Plast Reconstr Surg. 2025 May 6. doi: 10.1097/PRS.0000000000012186. Online ahead of print.
ABSTRACT
BACKGROUND: Oral propranolol is the first-line treatment for problematic infantile hemangiomas (IHs) requiring systematic therapy. Several retrospective studies have reported the successful treatment of facial IHs with propranolol. In this study, we conducted a prospective trial to evaluate the long-term outcomes of oral propranolol use in patients with facial IHs.
METHODS: The primary outcome was the clinical response 4 years after treatment.

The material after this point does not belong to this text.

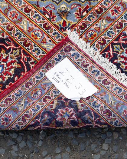 Large hand-knotted Persian wool rug. Features a detailed floral medallion design in red, blue and cream. Excellent condition. Size: 3.50cm x 2.39cm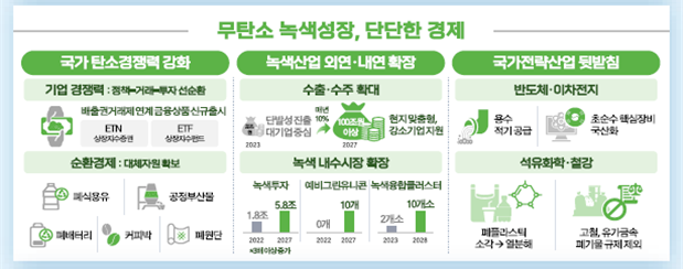 '미래성장' 분야에서는 녹색투자를 대폭 확대해 탄소중립과 순환경제를 지원한다. 먼저 녹색투자를 2022년 1조8000억원 규모에서 2024년 4조7000억원으로 확대하고, 임기내 누적 30조원을 달성한다는 계획이다. 2027년까지 그린스타트업을 385개에서 1000개로 늘리고, 이 가운데 기업가치 1000억원 이상의 그린유니콘 기업을 2027년까지 10개 육성한다는 계획이다.

RESULTS: A total of 272 patients were analyzed, including 38 (14.0%) patients with ulcerated IHs. Four years after treatment, propranolol treatment had resulted in no/minimal sequelae in 232 patients (85.3%). A total of 265 (97.4%) patients reported a durable response to propranolol therapy. Major rebound occurred in 16.9% of patients after propranolol discontinuation. Additional surgery and laser treatment were required in 8.1% and 8.8% of patients, respectively. Logistic regression analyses revealed that age ≥ 3 months (95% confidence interval [CI], 1.488-31.023; P=0.013), nasal IH (95% CI, 2.143-97.571; P=0.006) and hemangioma ulceration (95% CI, 2.673-49.034; P=0.001) were independent factors predictive of long-term severe/significant sequelae. Segmental subtype (95% CI, 2.081-45.597; P=0.004), mixed IH (95% CI, 3.249-26.841; P<0.001) and lip IH (95% CI, 2.224-92.278; P=0.005) were independent risk factors for major rebound.
CONCLUSIONS: In this large cohort of patients with facial IHs, propranolol treatment was effective and induced no/minimal sequelae at 4 years after treatment. However, long-term severe/significant sequelae and major rebound after propranolol treatment remain challenges.